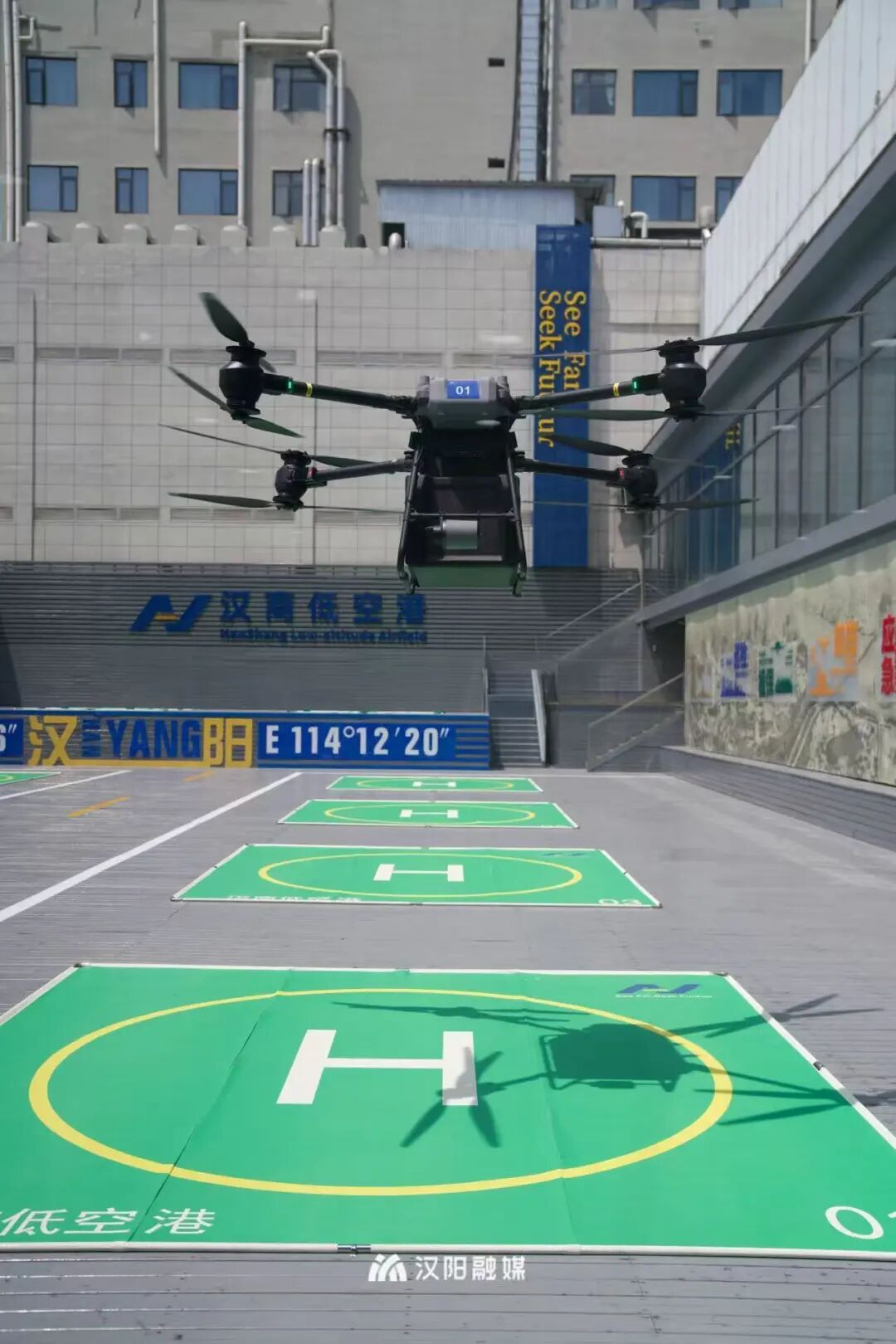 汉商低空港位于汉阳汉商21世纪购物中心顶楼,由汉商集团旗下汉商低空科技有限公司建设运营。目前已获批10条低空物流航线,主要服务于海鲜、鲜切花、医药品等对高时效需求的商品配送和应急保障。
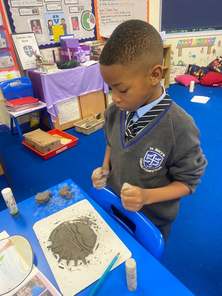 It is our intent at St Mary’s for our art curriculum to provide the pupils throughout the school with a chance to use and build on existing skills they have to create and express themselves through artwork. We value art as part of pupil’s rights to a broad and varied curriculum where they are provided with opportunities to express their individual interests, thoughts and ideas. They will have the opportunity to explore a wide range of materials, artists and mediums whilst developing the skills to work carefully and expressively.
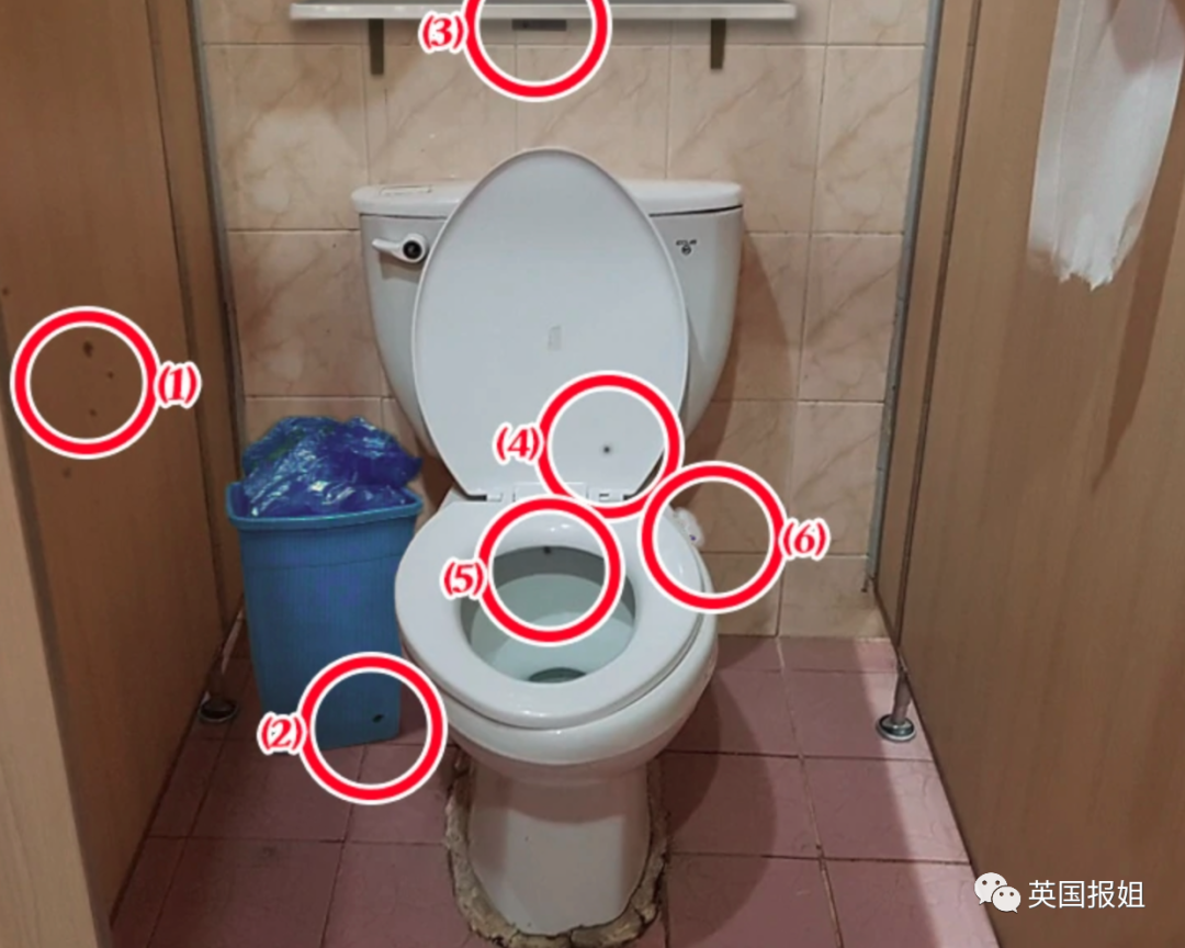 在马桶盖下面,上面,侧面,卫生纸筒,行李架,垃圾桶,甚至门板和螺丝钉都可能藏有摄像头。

* * *

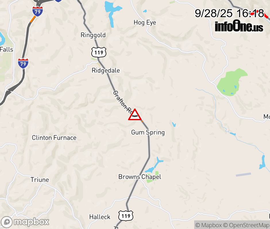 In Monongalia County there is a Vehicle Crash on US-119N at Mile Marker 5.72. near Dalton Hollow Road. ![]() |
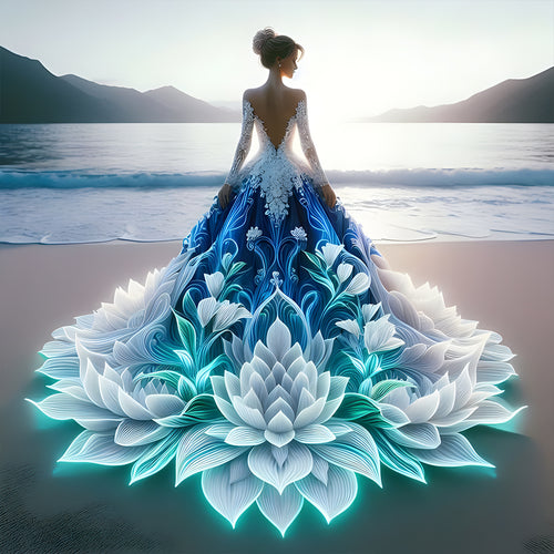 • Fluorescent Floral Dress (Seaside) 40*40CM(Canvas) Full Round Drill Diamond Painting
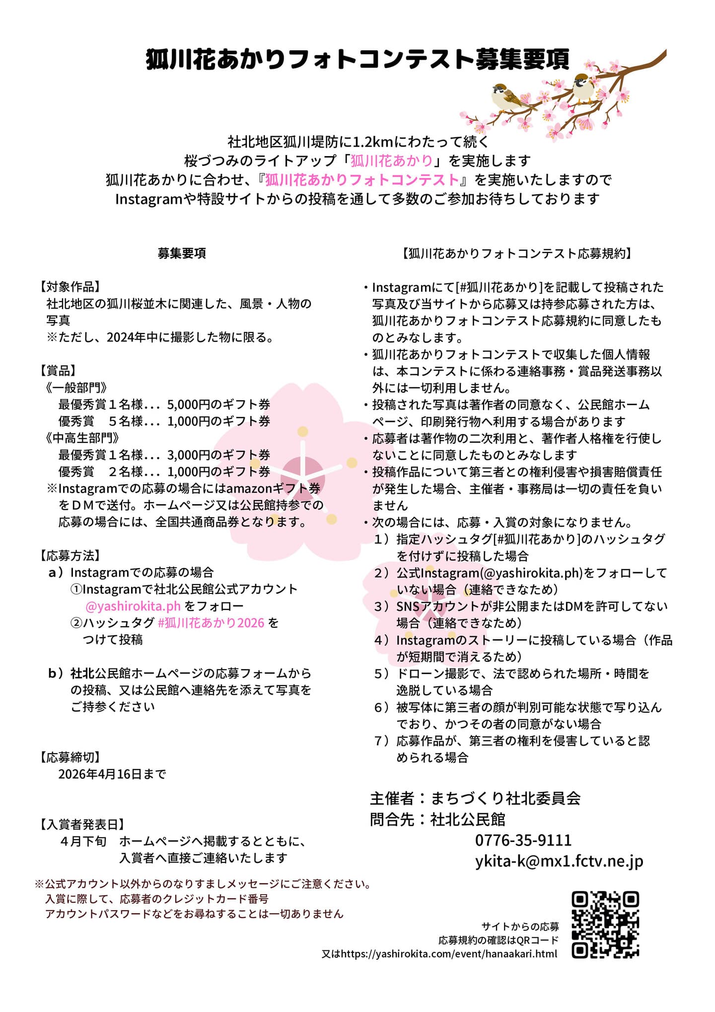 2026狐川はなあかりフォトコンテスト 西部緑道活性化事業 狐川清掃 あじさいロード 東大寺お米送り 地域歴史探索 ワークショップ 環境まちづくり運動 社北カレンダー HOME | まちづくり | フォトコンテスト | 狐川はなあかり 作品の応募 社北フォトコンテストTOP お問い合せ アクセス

#### Requirement:
With the pictures removed from your copy, retype the lines above from the one that contains "Drill Diamond Painting" through the one that contains "2026狐川はなあかりフォトコンテスト 西部緑道活性化事業 狐川清掃", exactly.

#### Task output:
 • Fluorescent Floral Dress (Seaside) 40*40CM(Canvas) Full Round Drill Diamond Painting
 2026狐川はなあかりフォトコンテスト 西部緑道活性化事業 狐川清掃 あじさいロード 東大寺お米送り 地域歴史探索 ワークショップ 環境まちづくり運動 社北カレンダー HOME | まちづくり | フォトコンテスト | 狐川はなあかり 作品の応募 社北フォトコンテストTOP お問い合せ アクセス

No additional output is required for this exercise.